Heasman’s appeal to the Land and Environment Court (LEC) in Sydney used a team of solicitors and barristers who seconded five so-called expert witnesses to support his appeal on technical grounds, being:
Mr M Ball, a town planner retained by the applicant;
Ms N Cavanagh, a town planner employed by the council;
Mr P Mehl, a consulting civil engineer retained by the applicant;
Dr P Bacon, a natural resource scientist retained by the council; and
Mr R Morse, an environmental scientist appointed by the Court,
With support from Council’s appointed experts Ms N Cavanagh and Dr P Bacon, The Land and Environment Court subsequently overruled Councillors’ decision to refuse the application. LEC Senior Commissioner, Dr John Roseth, residing, upheld Heasman’s appeal thus:
“As I indicated above, discussions between the experts led to complete agreement between them. The agreement is reflected in the amended drawings as well as in the conditions of consent. The parties appeared before me on 10 March 2006 stating that there were no outstanding issues and that I should make orders in chambers approving the application.

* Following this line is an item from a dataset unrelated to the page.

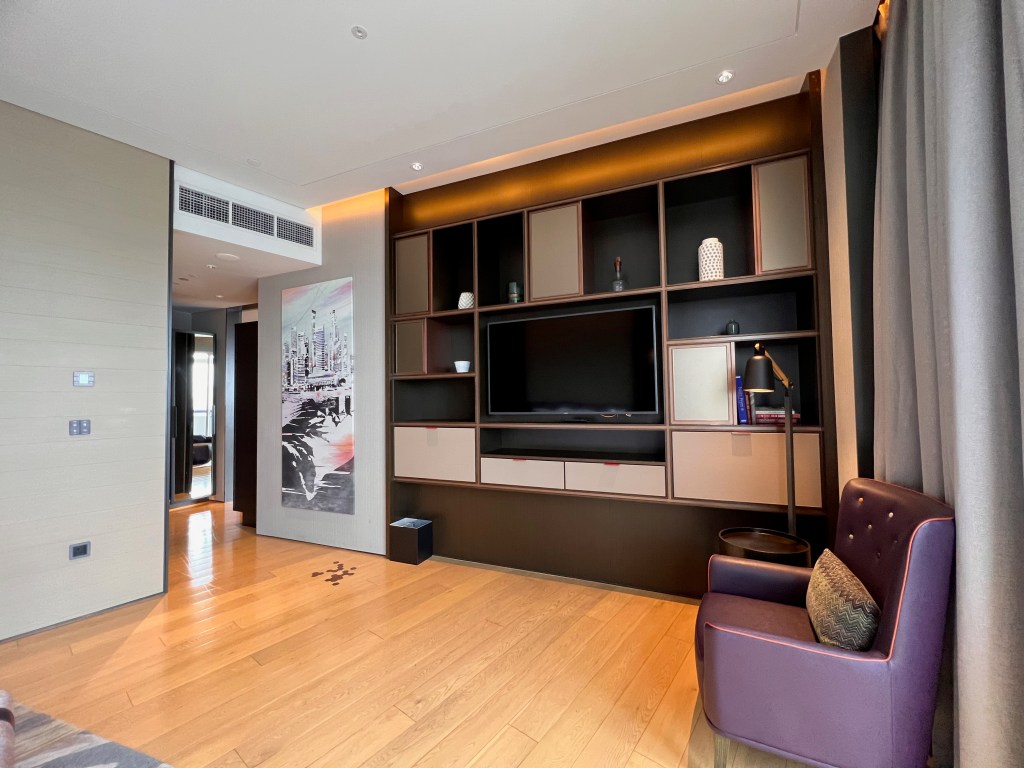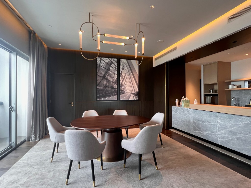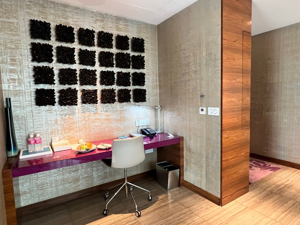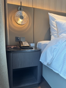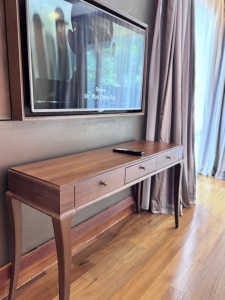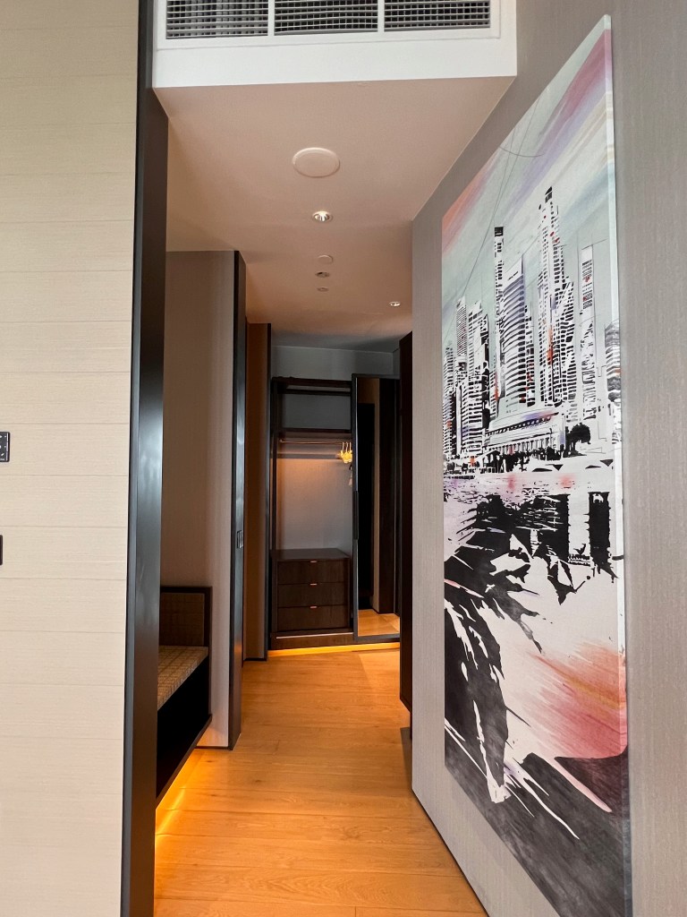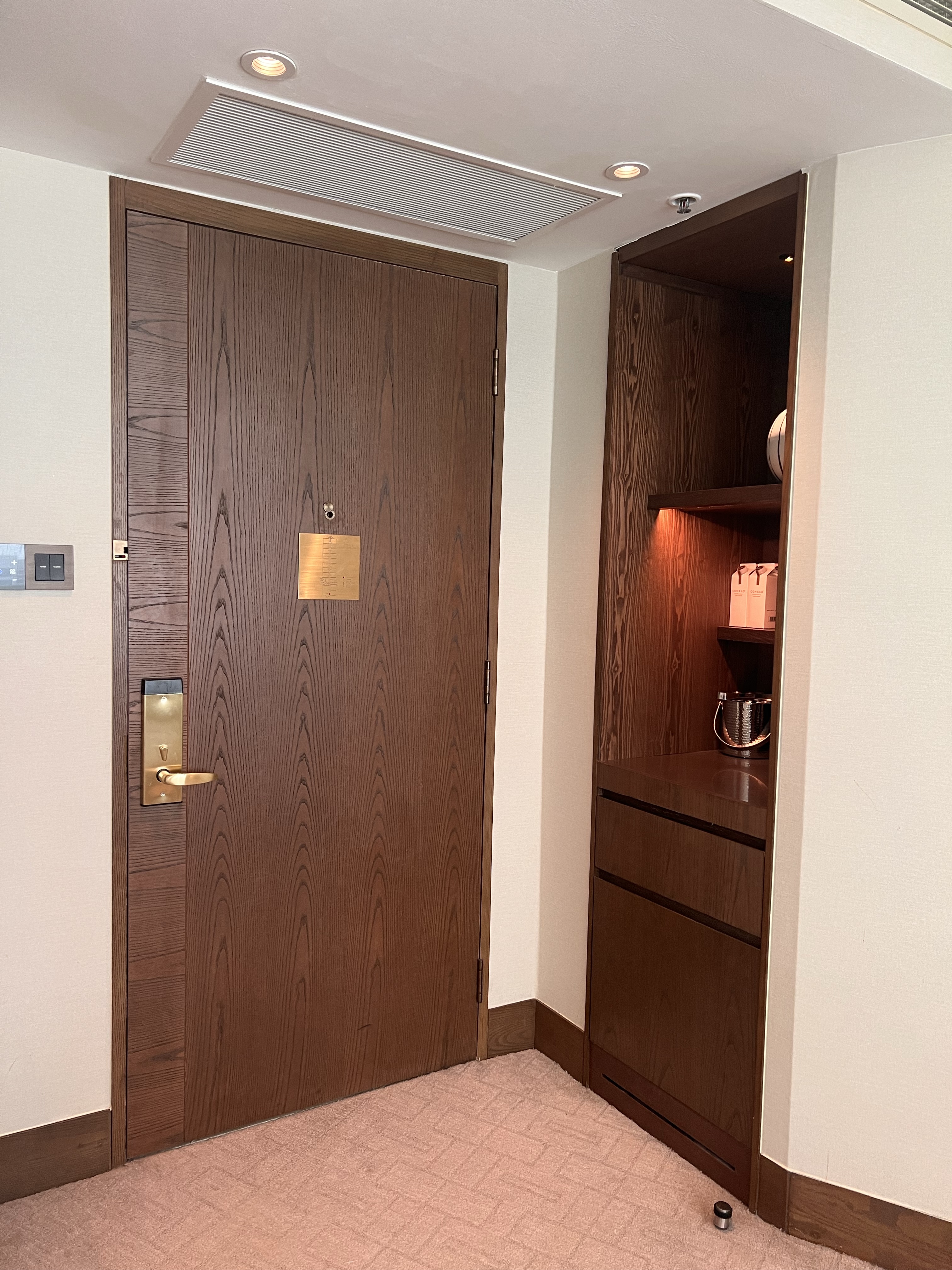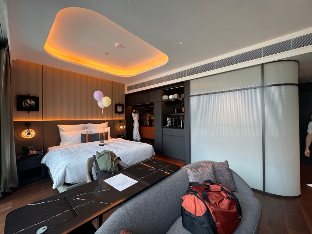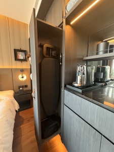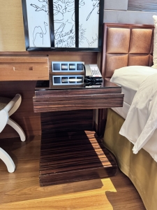 A large sliding wooden door separates the bathroom space from the sleeping area in the bedroom pavilion. Behind the sliding door lies a small section dedicated to the wardrobe, which gives us the feel of a walk-in wardrobe. Raffles Sentosa Singapore fitted two large wardrobes in this area, both with a similar design, with the only difference being the drawer. One of the wardrobes has a larger drawer below, where the in-room safe is hiding, while the other wardrobe is fitted with two deeper drawers where we can store smaller clothing items. The hanging light fitted in this pseudo walk-in wardrobe gave this space a luxurious vibe.

Orders 1. The appeal is upheld.
2. Development application subdivide the land under community title into 46 lots (43 residential lots and 3 community lots) and to erect a dwelling on 42 of the residential lots on lots 1, 2 and 4 DP 593545, known as 21 Stuarts Road, Katoomba is determined by the granting of consent subject to the conditions in Annexure A.
3. The exhibits are returned except Exhibits 28, A, J, K, L and M.”
The ecological destruction of this side valley incrementally persists to this day, as remnant bushland gets bulldozed and the site is converted to a housing estate and Heasman profits.
Built-Up Subdivided Residential Katoomba
Almost a half of The Gully Water Catchment comprises housing and commercial subdivision across the eastern portion. It includes the commercial high street of Katoomba being Katoomba Street. This water catchment extends from Cascade Street in the north to Ada Street in the east to Lurline Street in the south. North’s Estate housing subdivision extends into the creek valley down a spur westward from the Carrington Hotel on top of the hill. The eastern boundary of the housing subdivision runs north-south along Loftus Street.
The exact date of Katoomba’s settlement is unclear, but since 1815 it has been on the south side of the Cox’s Road first colonial crossing of the Blue Mountains high plateau bush country. The railway passed by the site of what would become Katoomba from 1967, but the railway platform was not built until 1874. Katoomba was then just a remote rural locality, referred to as The ‘Crushers’ a sandstone quarry for ballast for train descent down plateau eastward. It was situated adjacent to the rail line opposite the site of what is currently The Edge Cinema) as shown in the late 19th Century land title map below.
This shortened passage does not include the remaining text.